◆ Activity: Leave out every picture and set down, exactly, the lines below from the one holding "Classic Creek Front" up to and including the one holding "На картинке молодая".

◆ Source material:
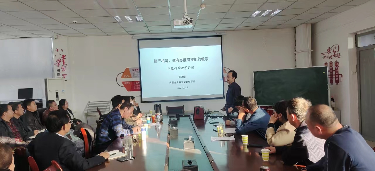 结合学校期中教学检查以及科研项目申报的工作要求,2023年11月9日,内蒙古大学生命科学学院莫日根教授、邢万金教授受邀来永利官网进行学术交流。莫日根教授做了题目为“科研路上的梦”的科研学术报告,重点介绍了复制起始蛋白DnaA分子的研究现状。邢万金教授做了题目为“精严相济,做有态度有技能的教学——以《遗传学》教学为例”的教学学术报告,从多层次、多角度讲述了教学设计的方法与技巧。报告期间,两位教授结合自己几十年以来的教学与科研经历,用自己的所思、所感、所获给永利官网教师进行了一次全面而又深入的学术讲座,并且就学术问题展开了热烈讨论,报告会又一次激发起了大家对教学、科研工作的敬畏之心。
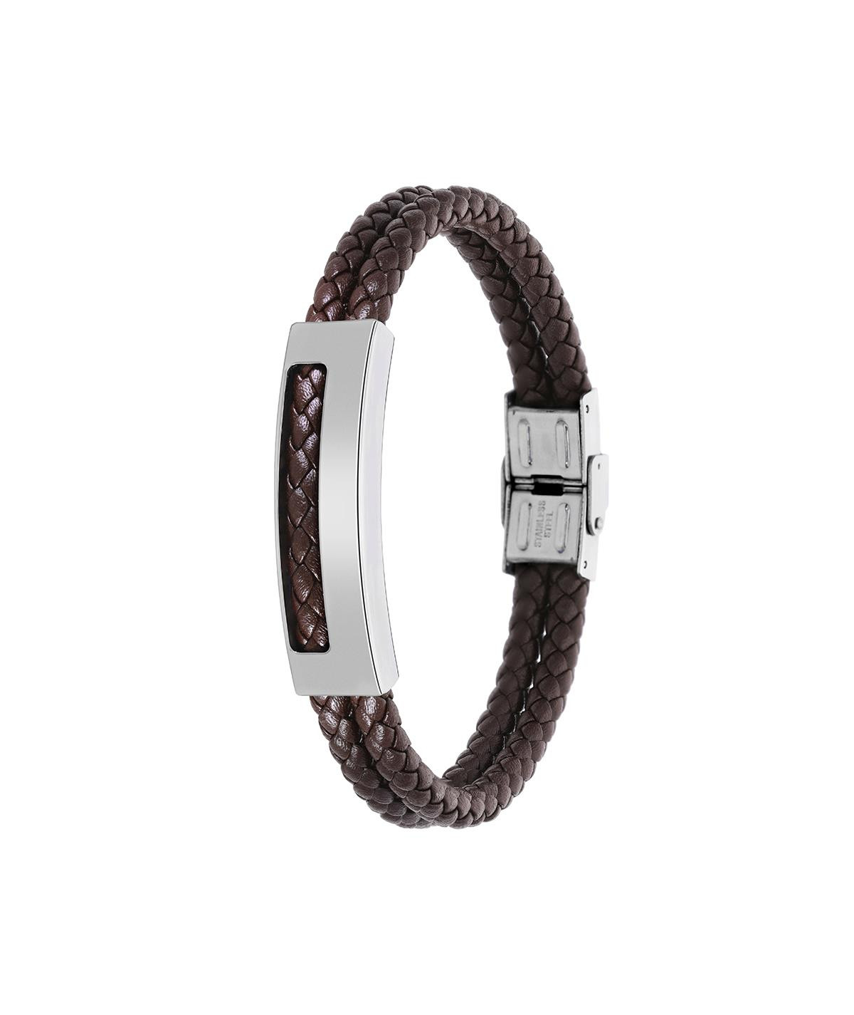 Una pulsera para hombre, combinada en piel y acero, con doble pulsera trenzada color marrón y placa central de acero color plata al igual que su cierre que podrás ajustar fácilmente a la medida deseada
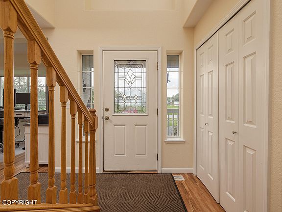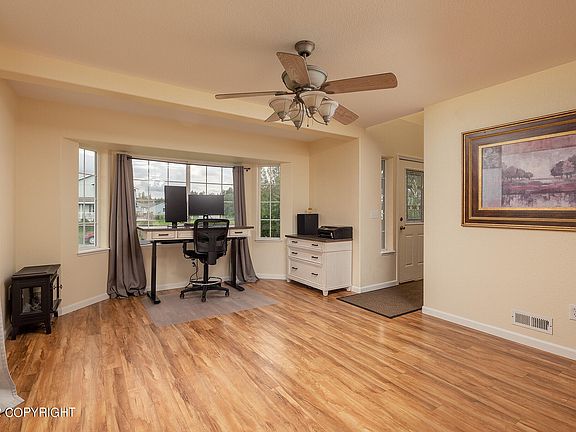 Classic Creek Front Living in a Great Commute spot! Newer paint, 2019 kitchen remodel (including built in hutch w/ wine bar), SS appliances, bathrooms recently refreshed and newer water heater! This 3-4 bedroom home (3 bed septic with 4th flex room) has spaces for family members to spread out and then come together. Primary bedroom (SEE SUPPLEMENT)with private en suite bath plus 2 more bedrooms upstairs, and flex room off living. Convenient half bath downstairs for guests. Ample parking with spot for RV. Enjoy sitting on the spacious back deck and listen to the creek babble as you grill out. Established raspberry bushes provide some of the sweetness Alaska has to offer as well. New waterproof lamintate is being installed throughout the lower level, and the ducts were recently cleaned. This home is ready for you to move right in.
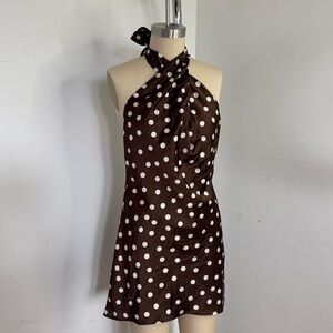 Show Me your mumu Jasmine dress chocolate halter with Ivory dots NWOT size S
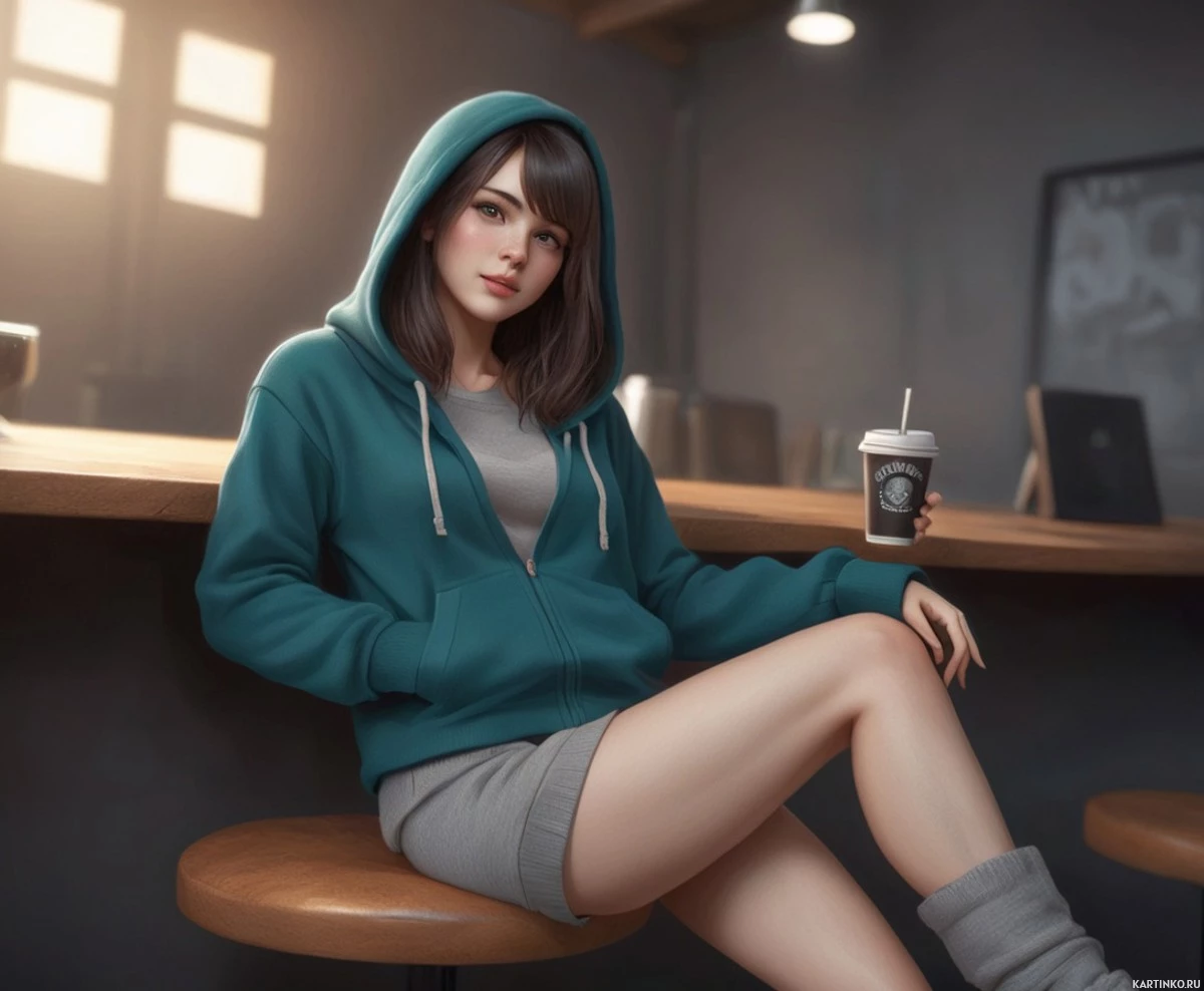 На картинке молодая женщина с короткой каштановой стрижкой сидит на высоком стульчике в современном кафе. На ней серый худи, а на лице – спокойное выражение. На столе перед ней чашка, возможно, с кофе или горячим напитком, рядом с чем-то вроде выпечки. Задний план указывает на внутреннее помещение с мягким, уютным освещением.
---
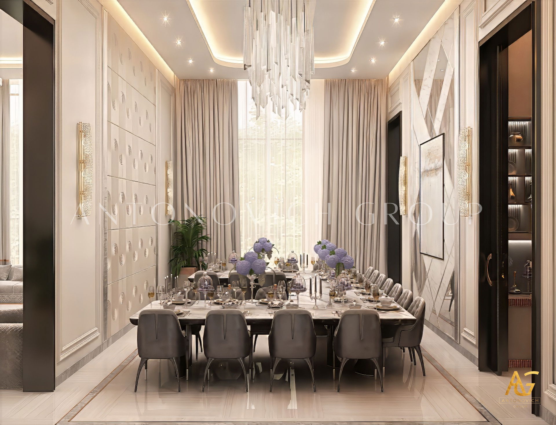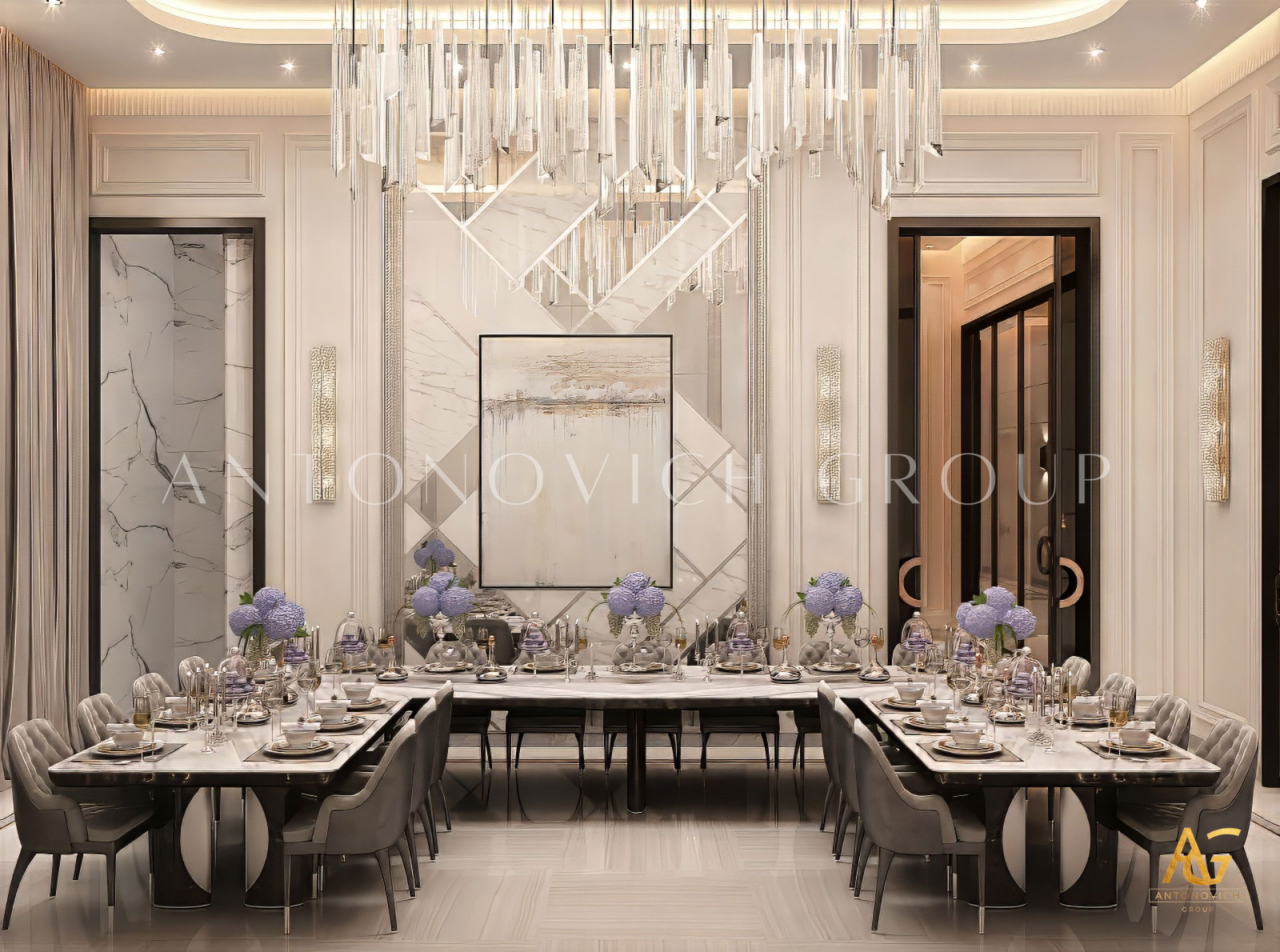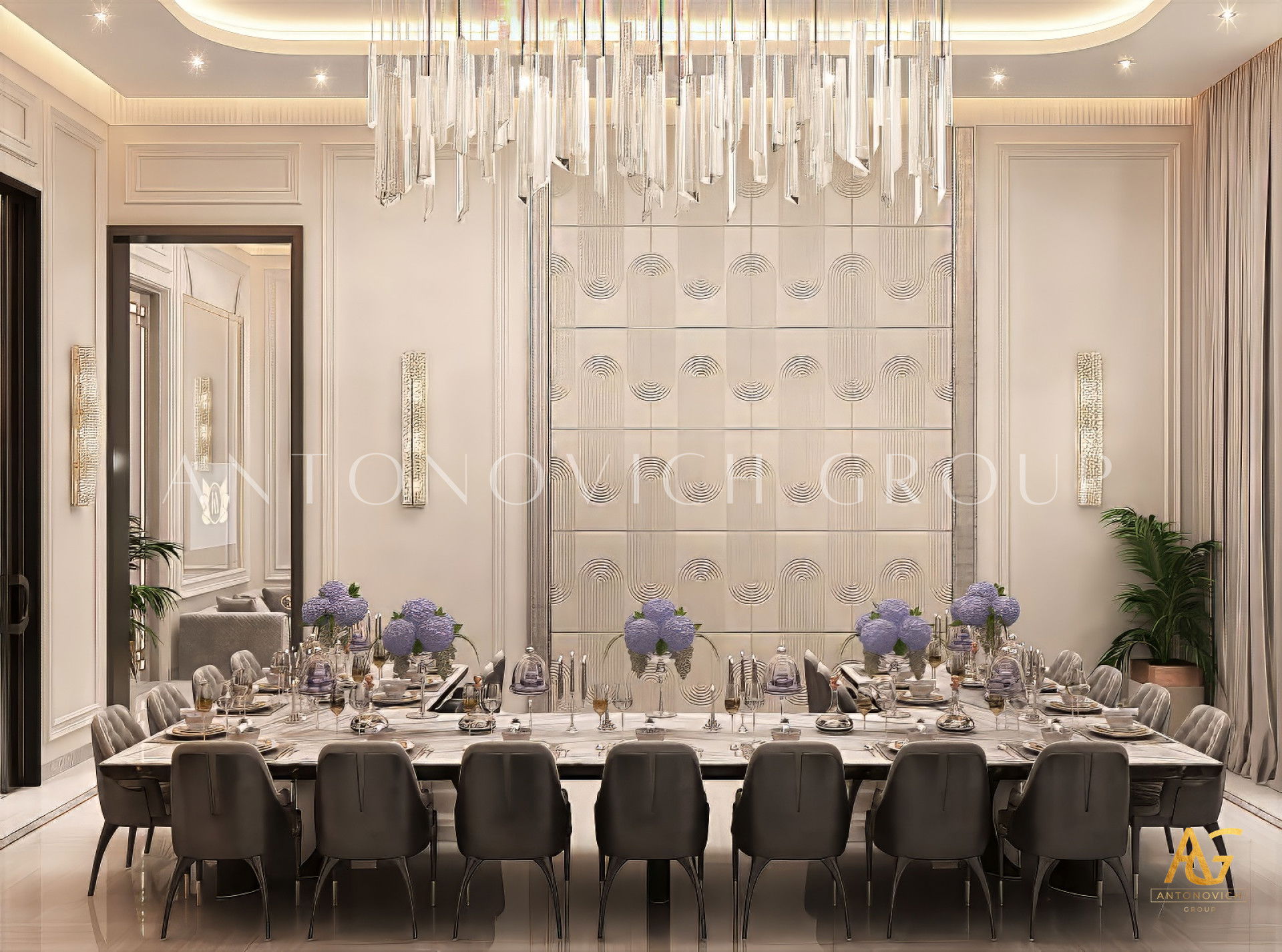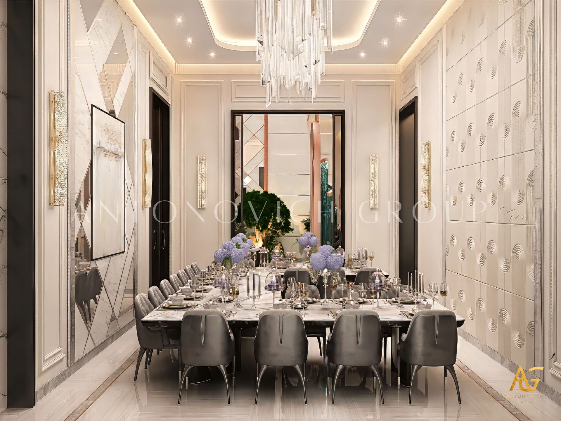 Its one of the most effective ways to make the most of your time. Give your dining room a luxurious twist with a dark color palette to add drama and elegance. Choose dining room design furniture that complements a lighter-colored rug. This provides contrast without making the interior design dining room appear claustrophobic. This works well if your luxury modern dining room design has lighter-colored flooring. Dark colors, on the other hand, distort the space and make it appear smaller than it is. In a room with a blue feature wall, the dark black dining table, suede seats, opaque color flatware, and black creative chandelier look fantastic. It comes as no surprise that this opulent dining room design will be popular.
...
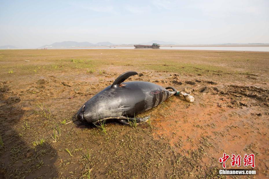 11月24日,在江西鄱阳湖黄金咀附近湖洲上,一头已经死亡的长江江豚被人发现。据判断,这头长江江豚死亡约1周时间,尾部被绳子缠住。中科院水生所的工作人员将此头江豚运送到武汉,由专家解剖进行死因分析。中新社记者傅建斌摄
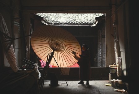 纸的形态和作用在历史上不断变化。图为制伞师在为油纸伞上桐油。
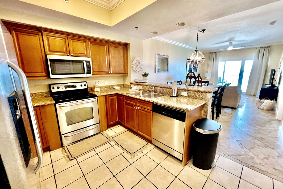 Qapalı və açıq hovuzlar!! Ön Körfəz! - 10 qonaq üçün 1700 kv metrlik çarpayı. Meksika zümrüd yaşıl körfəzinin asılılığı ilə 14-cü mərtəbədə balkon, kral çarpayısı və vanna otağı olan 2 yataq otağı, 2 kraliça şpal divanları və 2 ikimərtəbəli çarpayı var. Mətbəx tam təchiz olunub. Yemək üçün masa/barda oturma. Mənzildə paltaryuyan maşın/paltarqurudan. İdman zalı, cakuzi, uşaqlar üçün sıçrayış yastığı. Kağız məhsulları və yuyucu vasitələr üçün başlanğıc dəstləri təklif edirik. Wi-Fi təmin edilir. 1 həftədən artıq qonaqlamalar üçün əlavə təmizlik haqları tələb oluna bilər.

◆ Response to this exercise:
 Classic Creek Front Living in a Great Commute spot! Newer paint, 2019 kitchen remodel (including built in hutch w/ wine bar), SS appliances, bathrooms recently refreshed and newer water heater! This 3-4 bedroom home (3 bed septic with 4th flex room) has spaces for family members to spread out and then come together. Primary bedroom (SEE SUPPLEMENT)with private en suite bath plus 2 more bedrooms upstairs, and flex room off living. Convenient half bath downstairs for guests. Ample parking with spot for RV. Enjoy sitting on the spacious back deck and listen to the creek babble as you grill out. Established raspberry bushes provide some of the sweetness Alaska has to offer as well. New waterproof lamintate is being installed throughout the lower level, and the ducts were recently cleaned. This home is ready for you to move right in.
 Show Me your mumu Jasmine dress chocolate halter with Ivory dots NWOT size S
 На картинке молодая женщина с короткой каштановой стрижкой сидит на высоком стульчике в современном кафе. На ней серый худи, а на лице – спокойное выражение. На столе перед ней чашка, возможно, с кофе или горячим напитком, рядом с чем-то вроде выпечки. Задний план указывает на внутреннее помещение с мягким, уютным освещением.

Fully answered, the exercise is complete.